(Records from a collection)
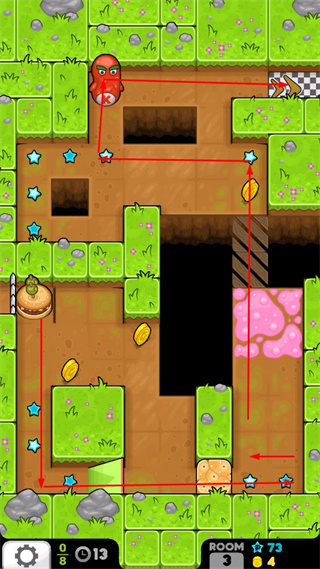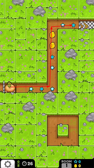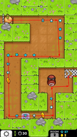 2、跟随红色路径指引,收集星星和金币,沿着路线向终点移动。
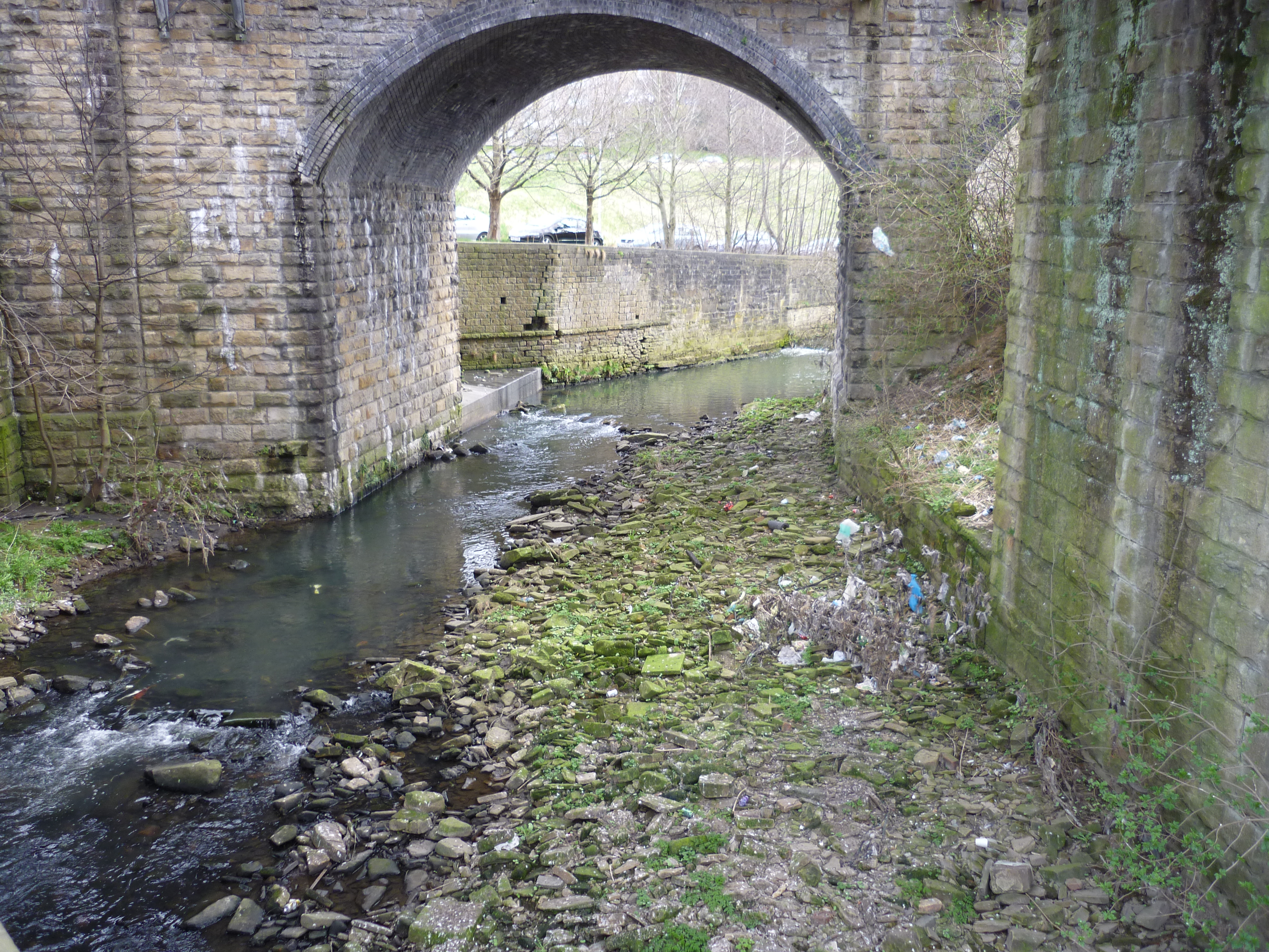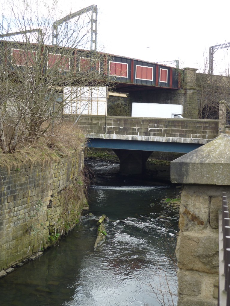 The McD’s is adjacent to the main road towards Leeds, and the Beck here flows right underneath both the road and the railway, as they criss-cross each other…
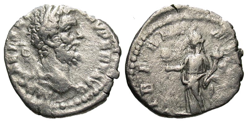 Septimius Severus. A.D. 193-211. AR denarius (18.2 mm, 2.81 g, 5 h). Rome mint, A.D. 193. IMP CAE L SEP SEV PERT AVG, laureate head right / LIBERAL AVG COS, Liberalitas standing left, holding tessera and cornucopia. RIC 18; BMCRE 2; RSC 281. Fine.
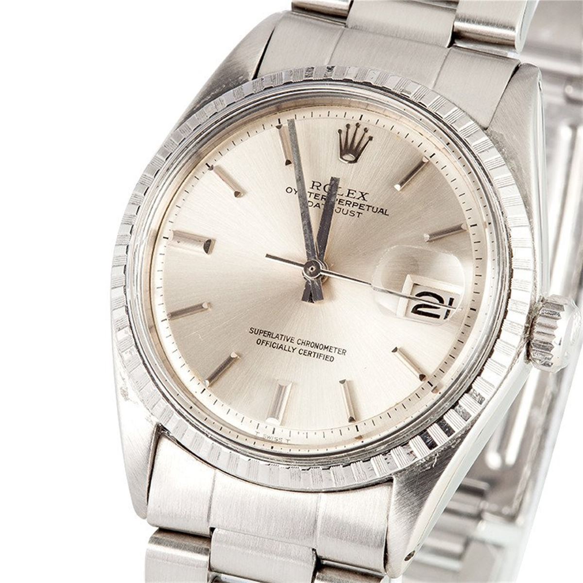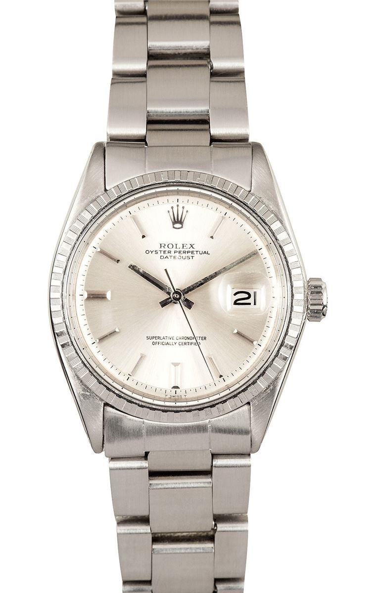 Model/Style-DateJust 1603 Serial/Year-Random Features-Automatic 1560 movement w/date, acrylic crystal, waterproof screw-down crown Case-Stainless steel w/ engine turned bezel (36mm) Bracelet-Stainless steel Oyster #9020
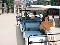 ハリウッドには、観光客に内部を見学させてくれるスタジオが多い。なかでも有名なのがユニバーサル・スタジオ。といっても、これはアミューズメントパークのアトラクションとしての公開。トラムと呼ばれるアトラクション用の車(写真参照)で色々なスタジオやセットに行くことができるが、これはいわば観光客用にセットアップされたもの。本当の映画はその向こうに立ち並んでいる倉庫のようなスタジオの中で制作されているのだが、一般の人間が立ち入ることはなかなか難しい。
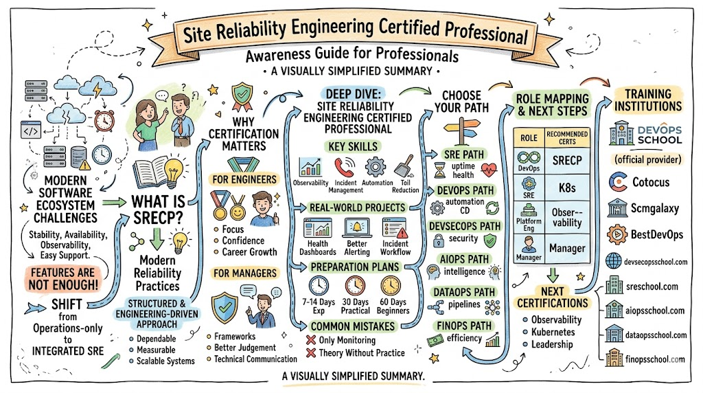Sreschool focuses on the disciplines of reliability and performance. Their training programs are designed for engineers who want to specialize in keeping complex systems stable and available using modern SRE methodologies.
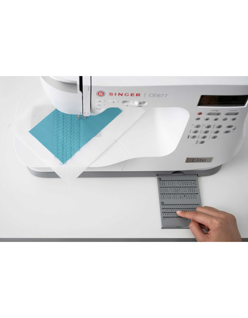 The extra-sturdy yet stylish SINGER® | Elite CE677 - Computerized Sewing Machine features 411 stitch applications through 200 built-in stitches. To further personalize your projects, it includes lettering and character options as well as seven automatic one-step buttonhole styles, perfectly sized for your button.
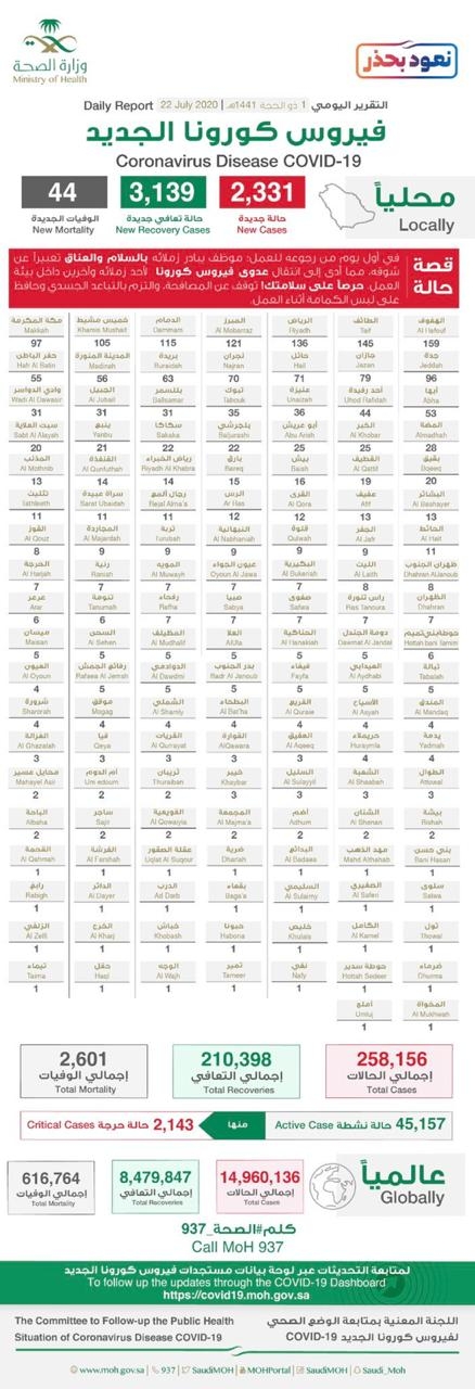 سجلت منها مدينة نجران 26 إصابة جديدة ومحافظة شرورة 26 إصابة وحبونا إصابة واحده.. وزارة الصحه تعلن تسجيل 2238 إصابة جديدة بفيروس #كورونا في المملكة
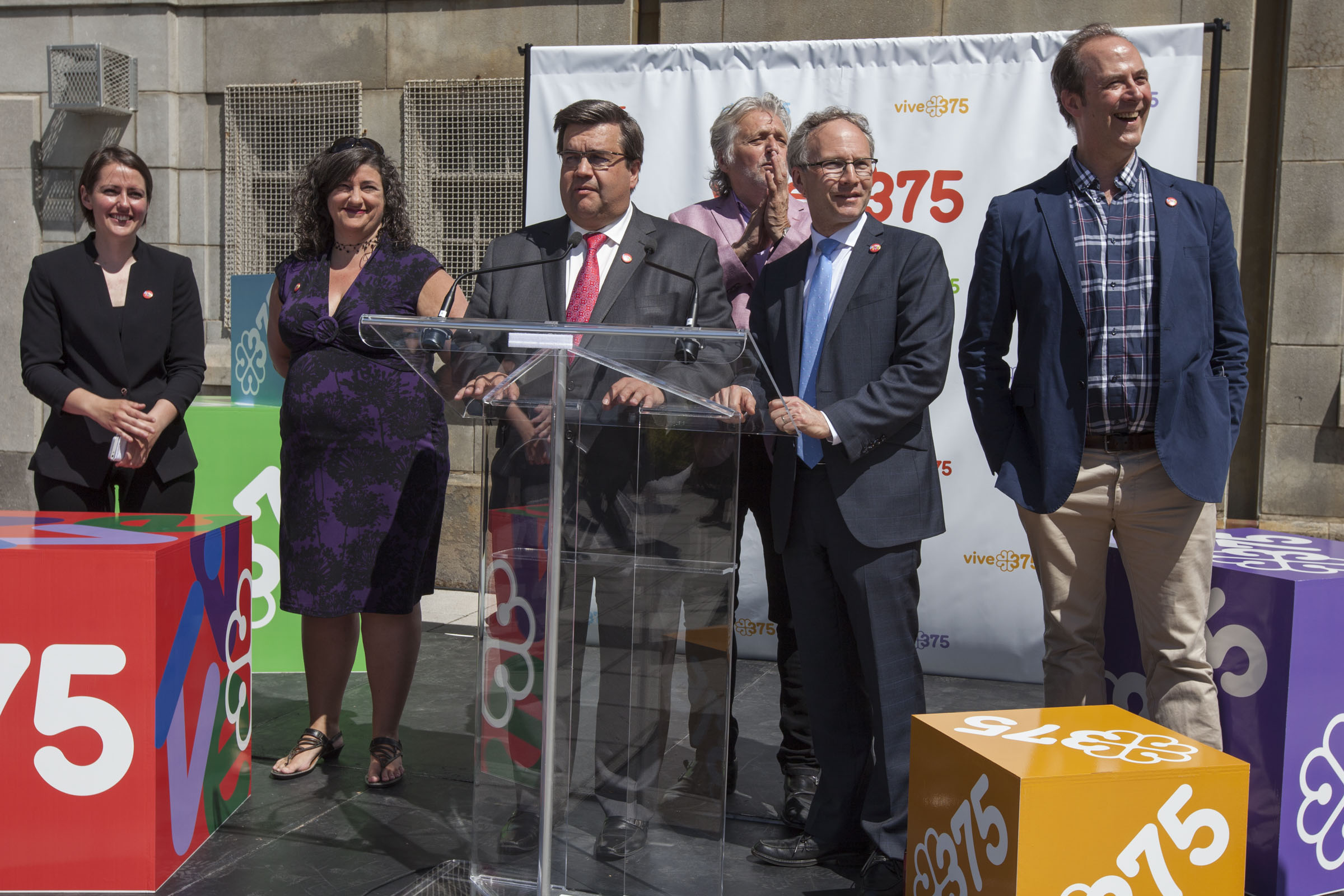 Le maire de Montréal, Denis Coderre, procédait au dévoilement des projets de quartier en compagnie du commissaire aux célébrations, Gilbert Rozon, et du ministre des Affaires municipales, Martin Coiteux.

▶ [Your instructions]:
Would you please reproduce the entries above, starting at the line with "Septimius Severus. A.D." and stopping after the line with "ハリウッドには、観光客に内部"? Omit any pictures.

▶ [Written solution]:
 Septimius Severus. A.D. 193-211. AR denarius (18.2 mm, 2.81 g, 5 h). Rome mint, A.D. 193. IMP CAE L SEP SEV PERT AVG, laureate head right / LIBERAL AVG COS, Liberalitas standing left, holding tessera and cornucopia. RIC 18; BMCRE 2; RSC 281. Fine.
 Model/Style-DateJust 1603 Serial/Year-Random Features-Automatic 1560 movement w/date, acrylic crystal, waterproof screw-down crown Case-Stainless steel w/ engine turned bezel (36mm) Bracelet-Stainless steel Oyster #9020
 ハリウッドには、観光客に内部を見学させてくれるスタジオが多い。なかでも有名なのがユニバーサル・スタジオ。といっても、これはアミューズメントパークのアトラクションとしての公開。トラムと呼ばれるアトラクション用の車(写真参照)で色々なスタジオやセットに行くことができるが、これはいわば観光客用にセットアップされたもの。本当の映画はその向こうに立ち並んでいる倉庫のようなスタジオの中で制作されているのだが、一般の人間が立ち入ることはなかなか難しい。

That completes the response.